Arts Club Theatre Company

Griffin and Sabine

by Nick Bantock

Director James Fagan Tait Dramaturge Rachel Ditor Composer/Music Direction Joelysa Pankanea Set Design Bryan Pollack Lighting Marsha Sibthorpe Costumes Barbara Clayden

Dates 5 October - 4 November, 2006 Venue Granville Island Stage Reviewer John Jane


Colin Legge & Lois Anderson
In a brief, pre-performance conversation with Nick Bantock, the author confessed to feeling “extremely nervous” about the world premiere of Griffin and Sabin -- as well he might. Based on a double trilogy (that’s six volumes for the mathematically challenged), it relates an intriguing exchange between Griffin Moss, an artist living a lonely and cautious existence in London, England, and Sabine Strohem, a postage stamp designer from the exotic Sicomon Islands. Their epistolary romance is chronicled only in the form of exchanged letters and postcards. In the wrong hands, this could easily end up a mess.
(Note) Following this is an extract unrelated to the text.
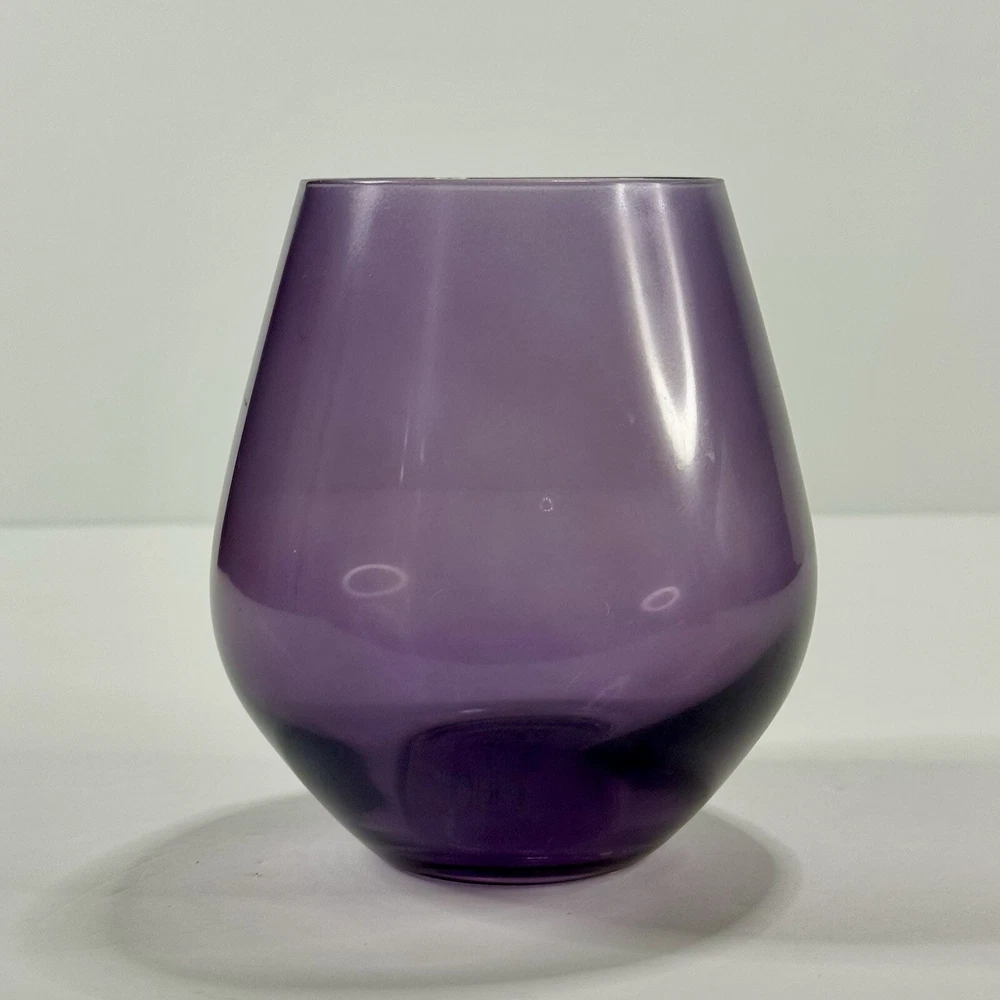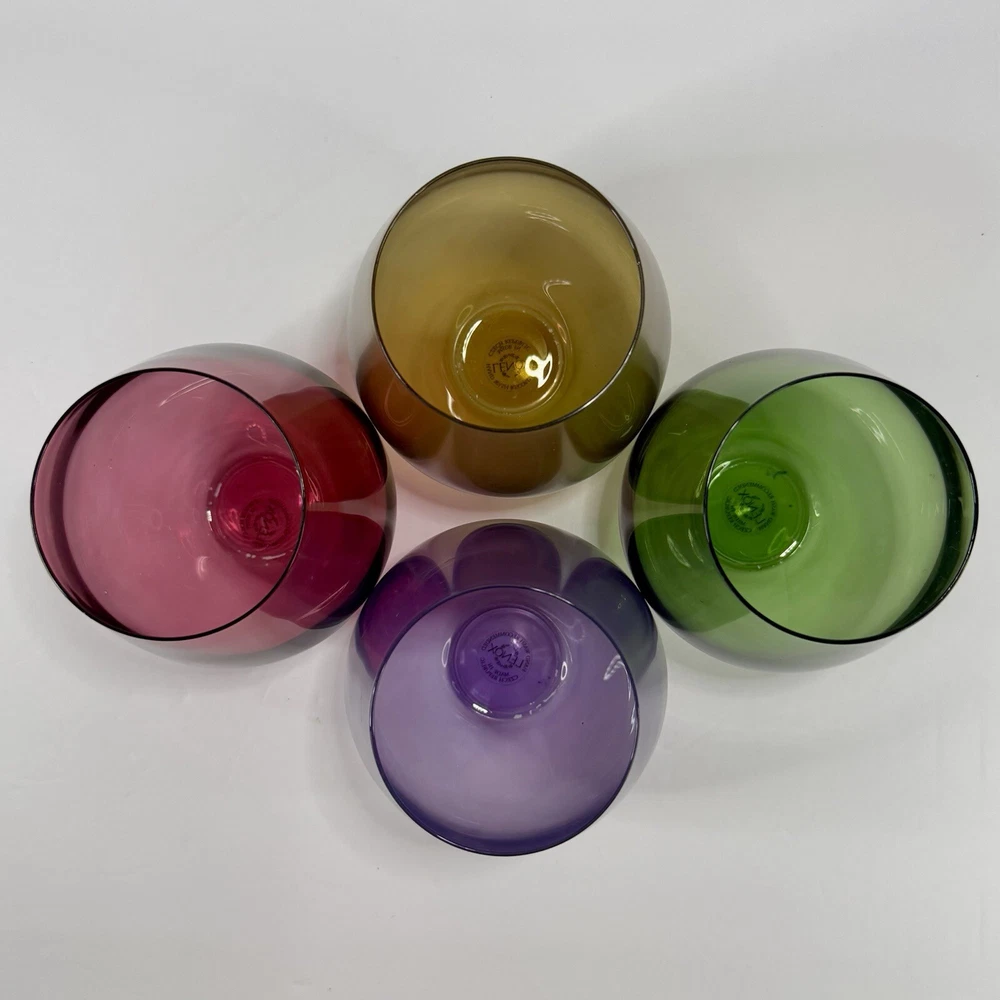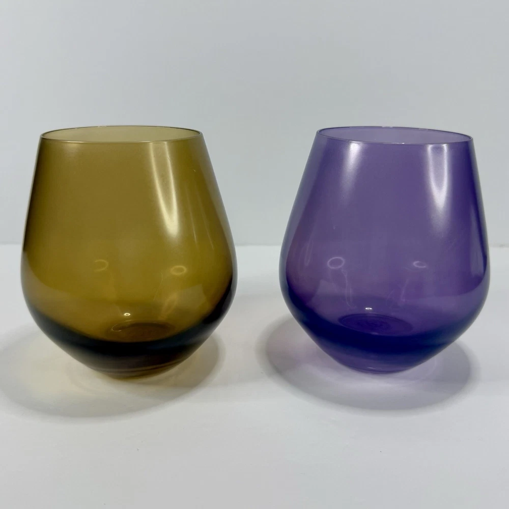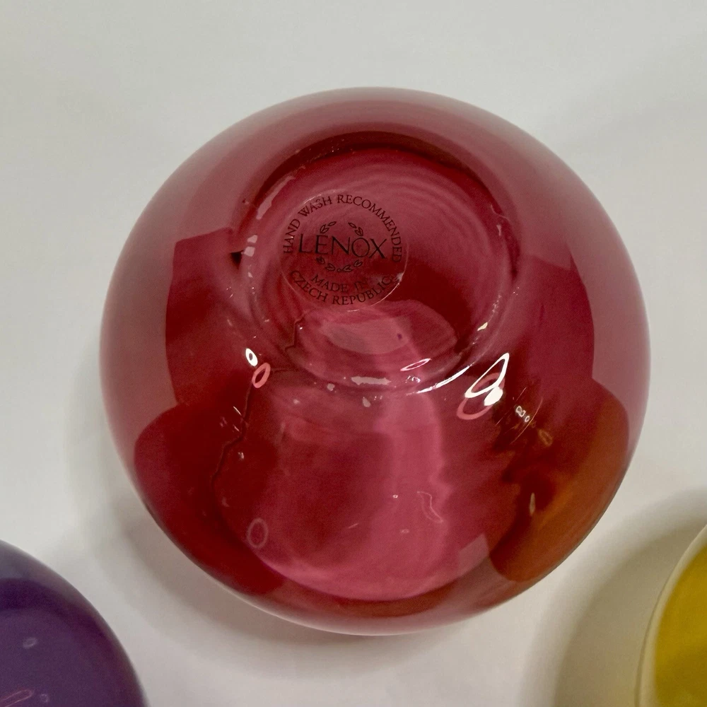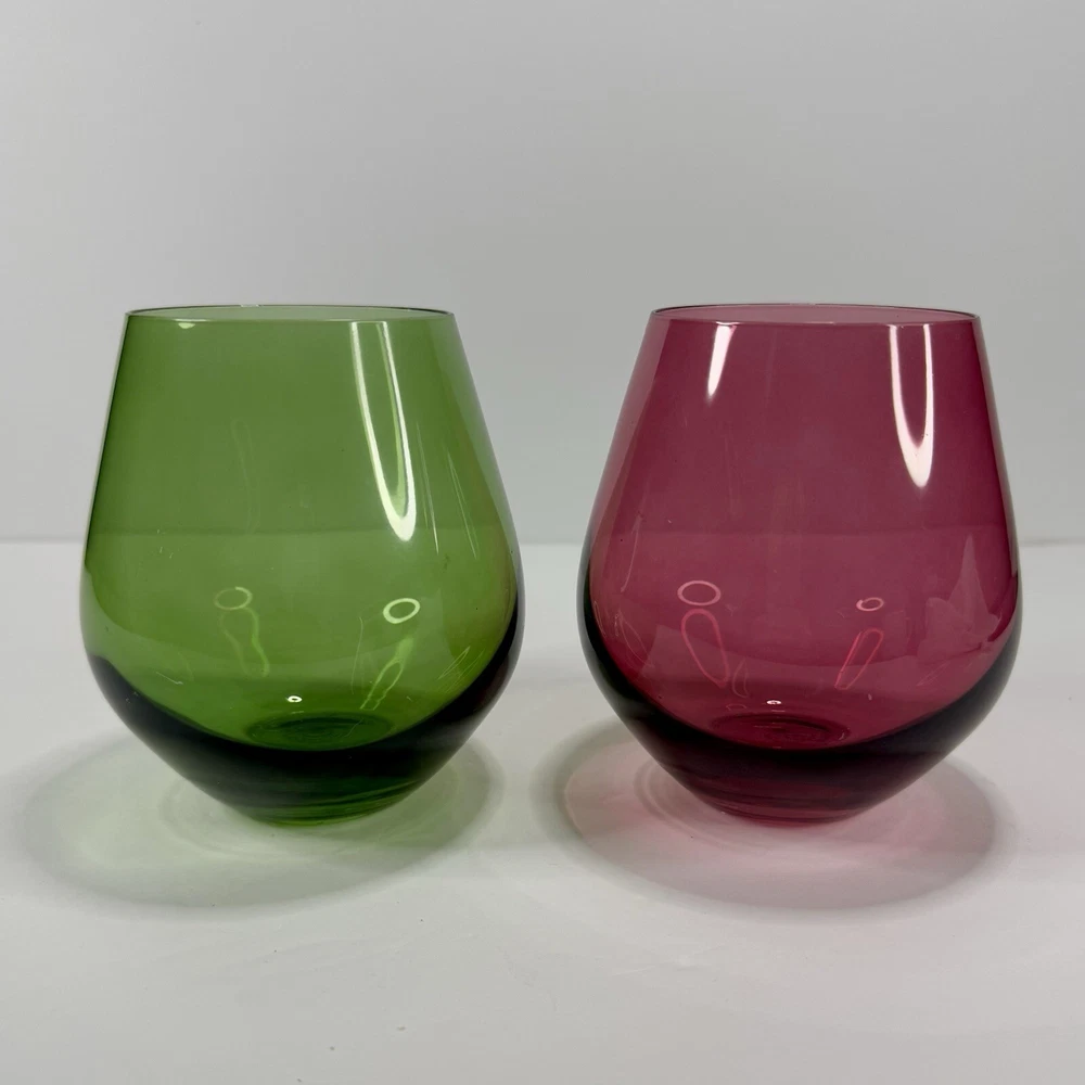 Lenox Tuscany Harvest Stemless Wine Glasses Tumblers Set if 4 in Red, Green,Purple, and Amber. The red and green are transparent glass while the amber and purple are frosted. Pre-owned. Very good condition. No chips or cracks. Slight wear from use. Photos are part of the description.

Unfortunately, in director, James Fagan Tait, it was in the wrong hands. It started well enough, with Griffin (Colin Legge) and Sabine (Lois Anderson) sharing Bryan Pollack well-designed, minimalist stage that was subtly divided in the centre to symbolize the central characters' physical separation. While the first act may have suffered from Legge’s hurried performance it was at least fathomable and the audience were given some latitude to consider whether Sabine was real or a figment of Griffin's imagination.

It was in the second act that this stage production went off the rails. As the story line switched to a parallel relationship between Matthew Sedon, an archaeologist working in Alexandria and Isabella de Reims, a Parisian student, Tait’s non-linear, out of kilter direction became ever more confusing. When the pair struggle to make sense of their feelings in an unfamiliar world, the audience struggled to make sense of the storytelling. Tim Matheson’s projections of scanned images of Bantock's gorgeous illustrations were eye-catching, but added little to explain a thin narrative.

It may have worked better if this production had been less ambitious and focused only on fleshing out the author's first trilogy, which, even on its own, is much more than another whimsical story about star-crossed lovers.

I really wanted Griffin and Sabine to be a success. I like Nick Bantock and admire his work as a writer and artist. I would like to think that the Arts Club Theatre presentation is a work in progress. After all, this unique work has already been adapted successfully in other media forms. British musician Peter Gabriel produced an excellent CD-ROM version for Real World Multimedia entitled Ceremony of Innocence that had no less than Isabella Rossellini providing the voice of Sabine.

Peter Gabriel got it right. James Fagan Tait and the Arts Club Theatre Company got it wrong.